Panagia Eleousa is probably the last Greek "building" before Albania, whose waters we entered a couple of minutes after leaving the chapel, in order to see "how these Albanian fishermen are doing". To my surprise, there were no communication problems between the two sides, as the conversation took place in ..."Macedonian"! (The boatman used the term "Slavic", to be precise; in any case, his unexpected use of that dialect (that I never heard in Psarades, where even old people had no trouble conversing in Greek) reminded me of the story--are you reading this, Fred?--of the Cuban-American who crossed an Eastern-Europeans-only checkpoint by pulling out his Cuban passport!) There was a big bush on the bow of the Albanians' shabby row boat: winter was in their minds, too. As the boatman explained to me later, Albanians were not allowed to own a boat or even to reach the water until a few years ago: that was considered to be a (potentially) subversive/capitalistic activity!!

Naturally, that "Albanian encounter" was the main conversation theme on the way back to Psarades. When I asked the boatman how many people in Psarades speak that dialect, he smiled and said that "everybody does". I did not feel like asking too many difficult questions, but when I asked "what if there was going to be a plebiscite ..." he cut me off: "listen, this is not something that we could ever accept". My interpretation: "we cannot accept "you" questioning us on being Greek nationals OR AT LEAST citizens". That is, after going over a number of relevant topics with him--such as his relatives who were forced to grow up in a communist country (and learn Greek, "Macedonian", Russian and the "host country"'s language) and the relation between the local tongue and the Skopje dialect (my analogy to "dimotiki" vs "kathareuousa" was gladly accepted as valid)--I reached the conclusion that, while he definitely feels Greek, he is not that fanatic about his "Greekness", not as much as I would probably have liked to see, anyway. He probably was one of those who participated to that "human-chain-around-Prespa-for-peace" event, organized later that month. (That trinational event went completely unnoticed by the Greek press, except for the communist paper, which I came very close to buying on that day--for the first time in my life, that is.) In any case, who am I to criticize the way that boatman feels? He spent his life there, he knows better ...

Nationality in border areas can be a somewhat undecidable issue in some cases, I guess; I felt this quite strongly when the boatman said about the Albanian fishermen: "THEY WERE GREEKS UNTIL 1922". (For those who may not know about this, there was a minor land exchange between Greece and Albania in 1922, with Greece gaining some territory across the straits from Corfu in return for Albania's increased access to Great Prespa.)

Upon returning to Psarades, I found out that it was sort of a big day for the village: loud-speakers were calling everybody to the community's office for a quick medical exam--a doctor was visiting! That couple of unspecified nationality I had seen at a Florina restaurant a couple of days ago was also there, selling all kinds of contraband out of their van--that was the only occasion I saw policemen in the village, rather interested, in a friendly manner, in the merchandise.
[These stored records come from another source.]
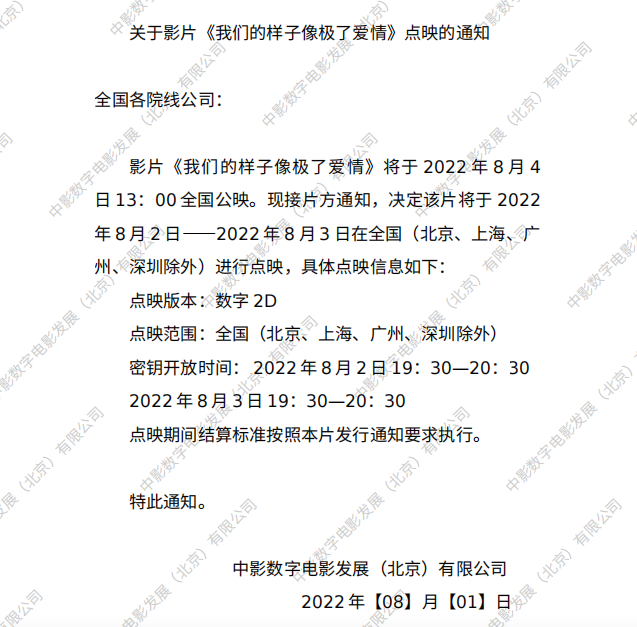 关于影片《我们的样子像极了爱情》的点映通知
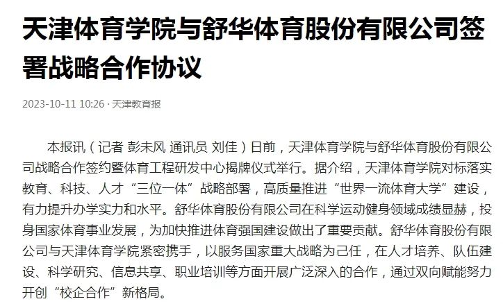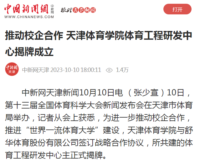 2023年10月10日,米兰milan官方网站与舒华体育股份有限公司战略合作签约暨体育工程研发中心揭牌仪式举行。中国新闻网、天津教育报新媒体等对此进行了报道。
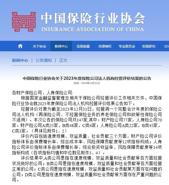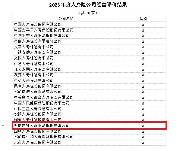 2024年最后一天,根据国家金融监督管理总局关于保险公司经营评价工作相关文件,中国保险行业协会公布2023年度保险公司法人机构经营评价结果,财信人寿首获A类评价。

Finally, an itinerant fruit merchant was doing good business around noon; he comes to Psarades twice per week--this is better than the bus from Florina, which comes only on Tuesdays.

(Memories from a trip through Northwestern Greece, July 1992)

[Posted on soc.culture.greek in April 1993]

"The (Prespa) basin seems to hide in it all the events that took place there from Samuel's times through the years of the Greek Civil War, yet it does not easily expose them to the careless visitor, who might simply be dazzled by the beauty of the landscape."

(From: "Prespa monuments", by D. Eugenidou, I. Kanonidis, A. Papazotos, Greek Ministry of Civilization, 1991.)